Every record below is to be repeated exactly, with the pictures left out.

****************

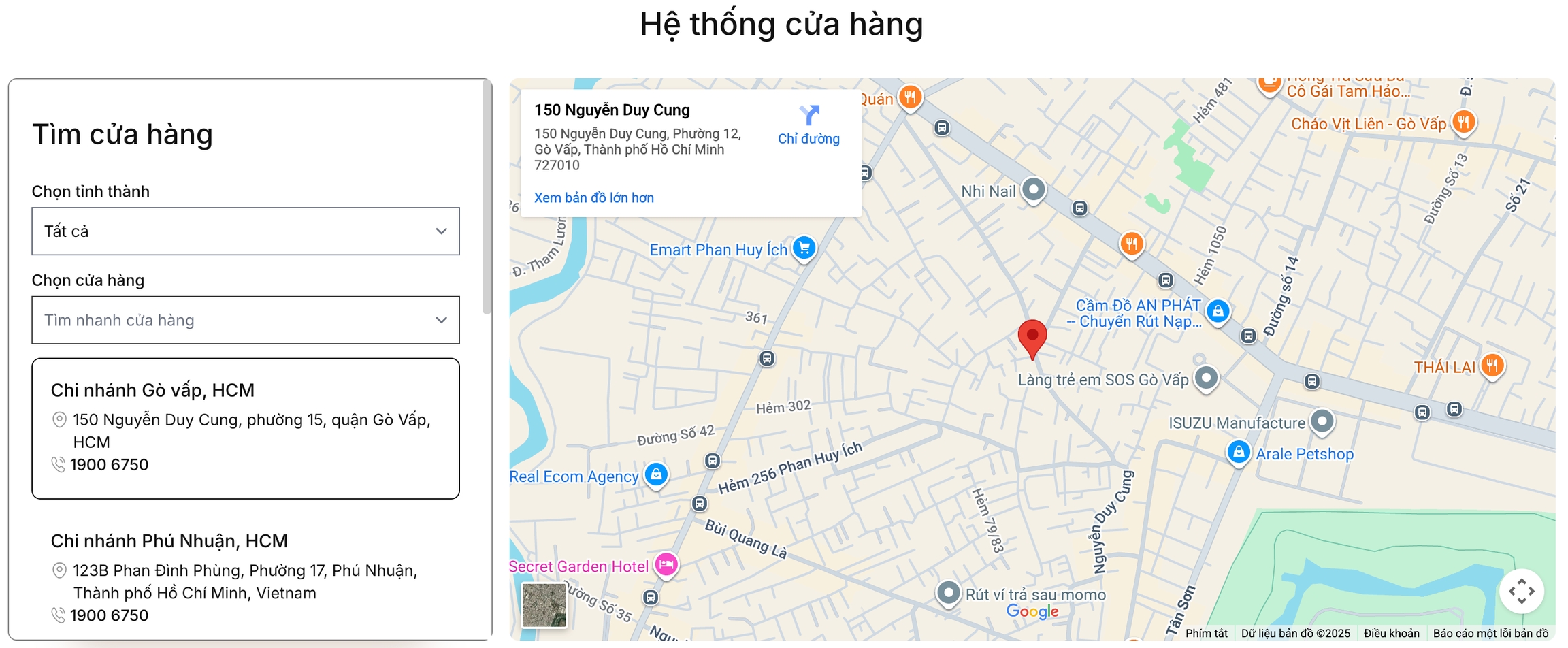 Cột 5: Iframe địa chỉ chi nhánh trên Google Map
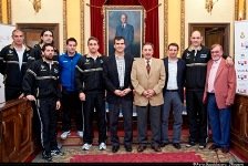 El Alcalde de Guadalajara, Antonio Román, ha recibido hoy en el Ayuntamiento al presidente de la Real Federación Española de Balonmano, Juan de Dios Román, al entrenador de la selección española, Valero Rivera, a varios jugadores de la misma (Hombrados, Juanín García y Garabaya) y a un representante de la selección Argentina. Durante estos días ambas selecciones se encuentran en Guadalajara de cara al partido que disputarán el sábado, 4 de junio, a las 20,30 horas en el David Santamaría. La selección española regresará a Guadalajara unos días después para disputar el partido clasificatorio para el campeonato europeo contra Rumanía. En esta ocasión, se celebrará en el Palacio Multiusos de Guadalajara a las 18 horas el próximo domingo, 12 de junio.
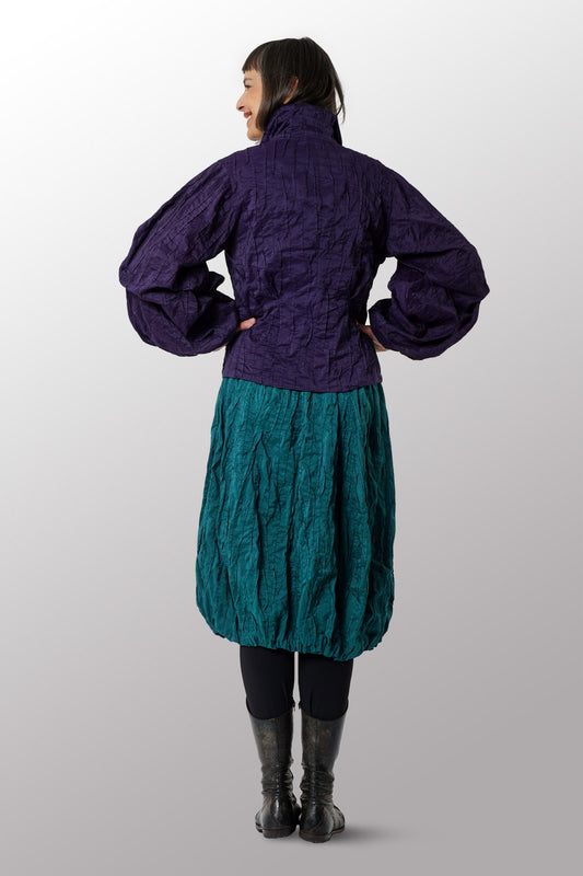 DYED COTTON SILK HEAVY VOILE RANDOM TUCK PUFF SLV. JACKET - dr1077-prp -
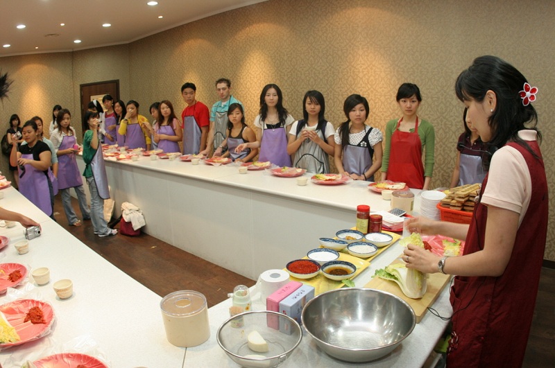 Sau bữa sáng, đoàn trả phòng và tham gia lớp học Làm kim Chi tại làng Hàn Quốc và mặc đồ truyền thống Hàn Quốc – Hanbok.
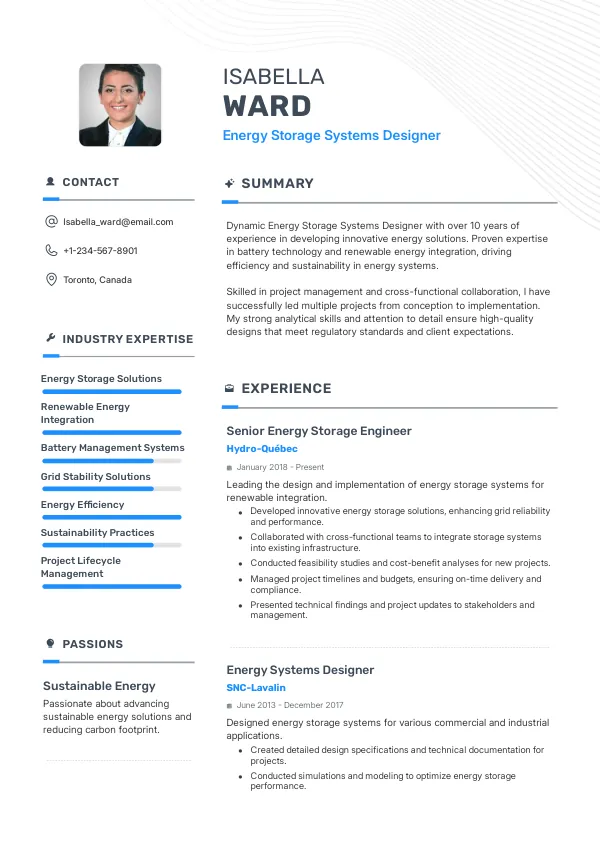 The renewable energy sector is projected to remain stable and grow in Canada, providing ample job opportunities for Energy Storage Systems Designers. This stability is bolstered by government initiatives and investments in green technology. A TrueCV-optimized resume can enhance your employability by clearly demonstrating your qualifications and alignment with industry needs.
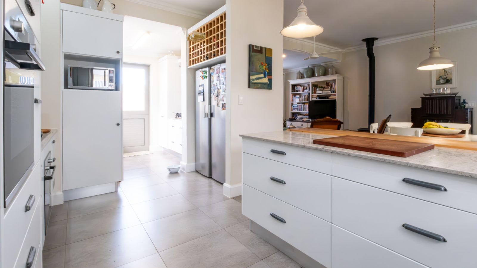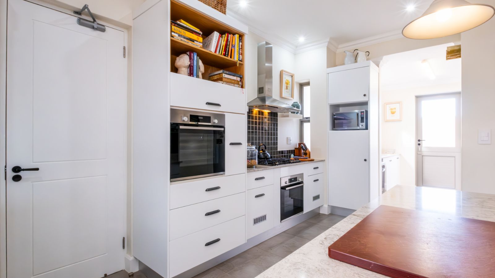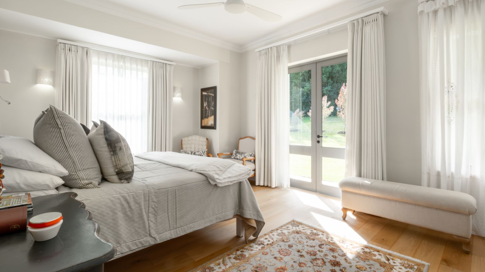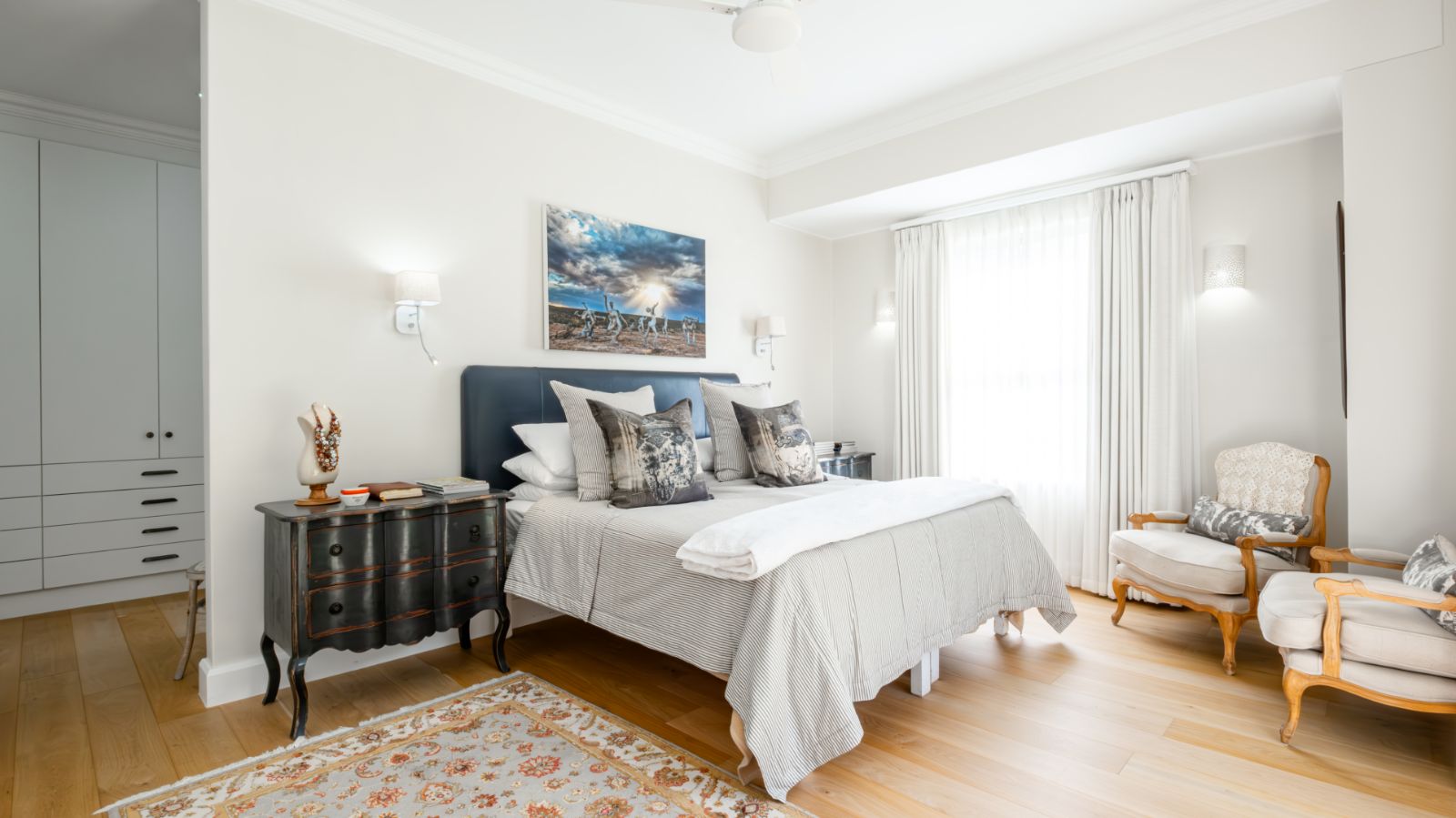 The kitchen is both functional and beautiful, with premium finishes, a scullery, and easy access to a second outdoor braai area – perfect for relaxed entertaining in any season. Real wood floors add warmth, while extras like a separate laundry, walk-in linen cupboard, and service yard ensure daily life runs smoothly.
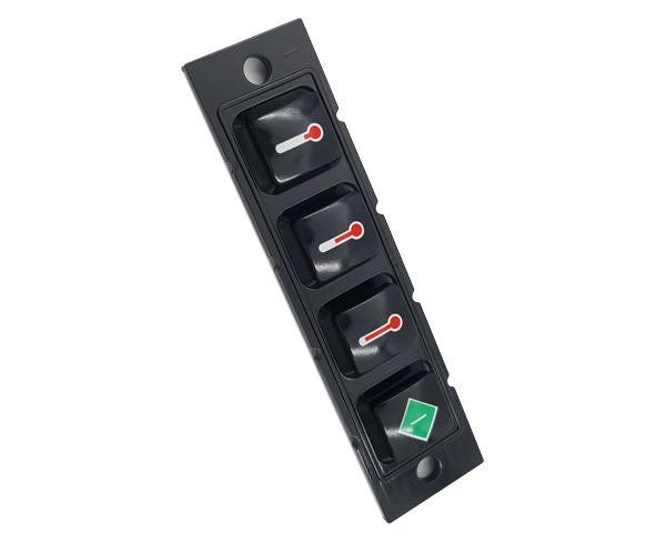 0.25mm及以下的塑料基板稱為薄膜,主要用作薄膜開關的面板層。背面印有各種指示性圖案和文字,指示對應開關鍵位置的操作區域。厚度選擇要根據面板和按鍵的大小而定,材質厚,觸感增大,響應慢;材質太薄,摸起來手感差,回彈不明顯。 0.25mm以上的厚度稱為片材,不適用于三維按鍵成型。可作為無按鍵操作區的指示牌面板,也可作為薄膜開關的襯板,提高其硬度。
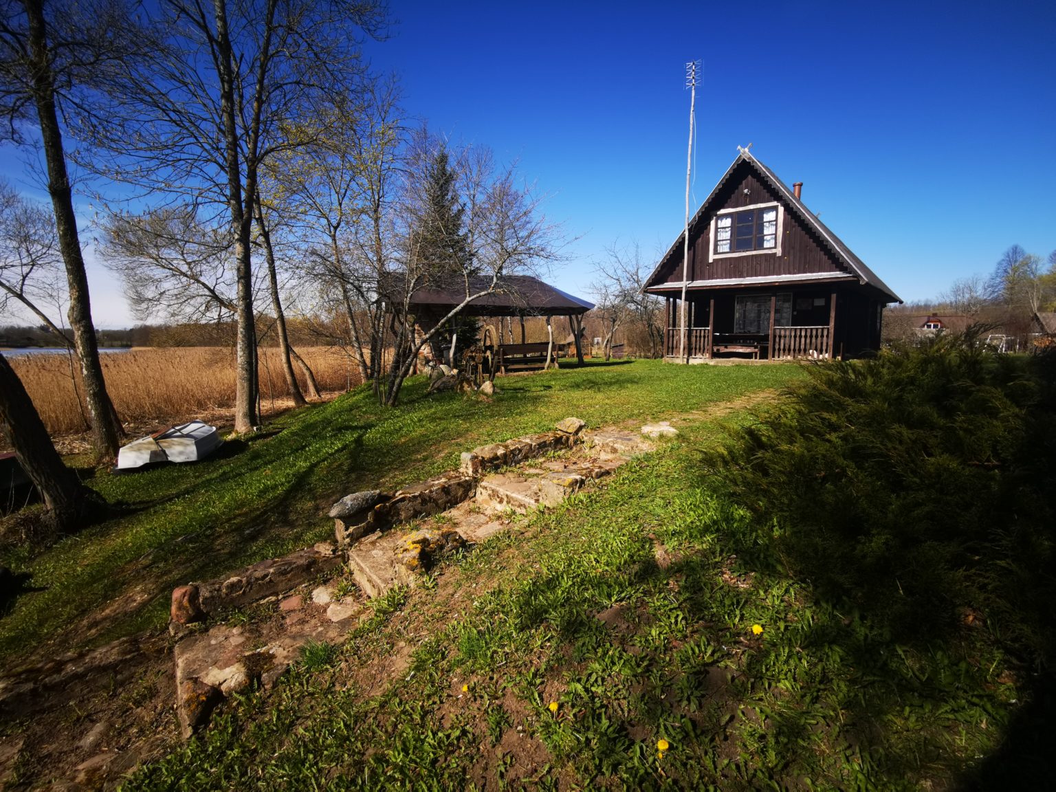 Это большой участок из 4 жилых домов на берегу озера.

****************

» Solution below:
 Cột 5: Iframe địa chỉ chi nhánh trên Google Map
 El Alcalde de Guadalajara, Antonio Román, ha recibido hoy en el Ayuntamiento al presidente de la Real Federación Española de Balonmano, Juan de Dios Román, al entrenador de la selección española, Valero Rivera, a varios jugadores de la misma (Hombrados, Juanín García y Garabaya) y a un representante de la selección Argentina. Durante estos días ambas selecciones se encuentran en Guadalajara de cara al partido que disputarán el sábado, 4 de junio, a las 20,30 horas en el David Santamaría. La selección española regresará a Guadalajara unos días después para disputar el partido clasificatorio para el campeonato europeo contra Rumanía. En esta ocasión, se celebrará en el Palacio Multiusos de Guadalajara a las 18 horas el próximo domingo, 12 de junio.
 DYED COTTON SILK HEAVY VOILE RANDOM TUCK PUFF SLV. JACKET - dr1077-prp -
 Sau bữa sáng, đoàn trả phòng và tham gia lớp học Làm kim Chi tại làng Hàn Quốc và mặc đồ truyền thống Hàn Quốc – Hanbok.
 The renewable energy sector is projected to remain stable and grow in Canada, providing ample job opportunities for Energy Storage Systems Designers. This stability is bolstered by government initiatives and investments in green technology. A TrueCV-optimized resume can enhance your employability by clearly demonstrating your qualifications and alignment with industry needs.
 The kitchen is both functional and beautiful, with premium finishes, a scullery, and easy access to a second outdoor braai area – perfect for relaxed entertaining in any season. Real wood floors add warmth, while extras like a separate laundry, walk-in linen cupboard, and service yard ensure daily life runs smoothly.
 0.25mm及以下的塑料基板稱為薄膜,主要用作薄膜開關的面板層。背面印有各種指示性圖案和文字,指示對應開關鍵位置的操作區域。厚度選擇要根據面板和按鍵的大小而定,材質厚,觸感增大,響應慢;材質太薄,摸起來手感差,回彈不明顯。 0.25mm以上的厚度稱為片材,不適用于三維按鍵成型。可作為無按鍵操作區的指示牌面板,也可作為薄膜開關的襯板,提高其硬度。
 Это большой участок из 4 жилых домов на берегу озера.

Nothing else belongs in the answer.